Biology and reproduction
The sporangium - the cystocarp - are spread over the entire alga. They resemble dark corpuscles.
Seasonality and distribution
Nemlich and Danin found large quantities of this alga along the Israeli coast from May to November, but also in April and December. It has also been found in Egypt and Turkey. This impressive alga has been documented in many books and collections. At the Hebrew University Herbarium more than ten examples of different species are located. Nemlich and Danin reported on them both underwater, “We found it in abundance”, but I have not personally found any, ever. To the best of my knowledge, the alga has not been sighted along Israeli coasts for the past twenty years, and it may be extinct.
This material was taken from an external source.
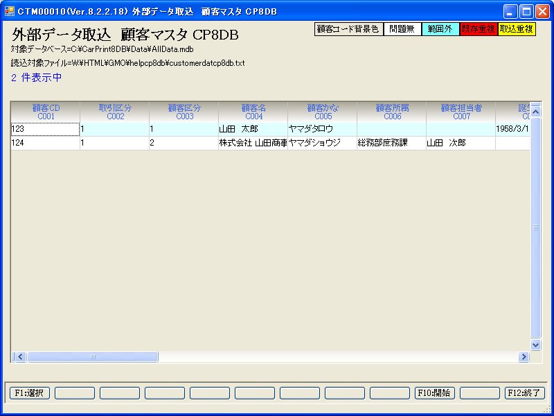 顧客マスタ用のデータをテキストファイル(TABコード区切り)から取込みます。 <操作手順> ①[各種設定2メニュー]-[顧客マスタ設定]で顧客マスタ設定ジョブを起動します。 ②顧客マスタ設定ジョブのメニューの[各種設定]-他データ取込]-[テキスト顧客データ]を選択します。 ![]() ③[F1:選択]でファイル選択画面を表示し取込対象のテキストファイルを選択します。 ![]() ④選択したテキストファイルの情報が一覧画面に表示されます。 ![]() ⑤選択したテキストファイルの 顧客コードのがそのままの値 で取込めない場合があります。 [背景白] テキストファイルの顧客コードの値でデータを取込みます。(取込後のコードは変更されません。) [背景淡青] テキストファイルの顧客コードの値が仕様範囲外の為に新規にコードを取得してデータを取込みます。(取込後のコードは変更されます。) [背景赤] テキストファイルの顧客コードの値が取込先のデータベースに既に存在しています。 この場合は下記の3種類の処理方法から処理を選択します。 ○追加しない 該当データをデータベースに取込みません。 ○新コードを取得して追加する(取込後のコードは変更されます。) ○既存データに上書き(データベースの同一コードのデータは取込むデータに入れ替わります。) [背景黄] テキストファイルの顧客コードに同一の値が存在しています。 この場合は下記の2種類の処理方法から処理を選択します。 ○追加しない 該当データをデータベースに取込みません。 ○新コードを取得して追加する(取込後のコードは変更されます。) ※尚、重複しているデータの内、最初のデータ(背景白)はテキストファイルの顧客コードの値でデータを取込みます。 ![]() <取込可能なテキストファイルの作り方> ※マイクロソフト社 エクセルで作成する場合の例です。 ①レイアウト 1行目にヘッダレコード(項目記号)を2行目以降にデータレコードを作ります。 ※データ内に改行コードやタブコードは入力しないで下さい。 ![]() ②[ファイル]-[名前を付けて保存]で任意のフォルダに ファイルの種類を[テキスト(タブ区切り)] で保存します。 ![]() ③設定できる項目等の詳細な決まり(レイアウト)は下記のPDFファイルを参照して下さい。 cp8dbgetcustlayout.pdf (右クリック-[対象をファイルに保存]) ④サンプルファイル customerdatcp8db.txt (右クリック-[対象をファイルに保存]) |

Individuals have washed ashore in Tel Aviv and Jaffa, but these cannot be described as natural habitats any longer. It is not clear whether the disappearance is due to the destruction of coastal habitats or the appearance of herbivores (a species of which may have arrived from the Red Sea) or for some other reason. A small, unidentified red algae individual was found at one point by researchers from the Israeli Oceanographic and Limnological Research Institute at Haifa. It survived in the aquarium in which it has been preserved, to the surprise of all concerned, and became an impressive example of Halymenia, which has since deteriorated somewhat. I hope these lines are not a eulogy, but will serve for future reference. The Halymenia is widely distributed in warm seas around the world.
Additional species
Two species which are most widely reported, and were also found by Tikva Edelsten in the Haifa Bay, as well as in the deep sea, are: Halymenia floresia (Clemente) C. Agardh and Halymenia dichotoma (Clemente) C. Agardh.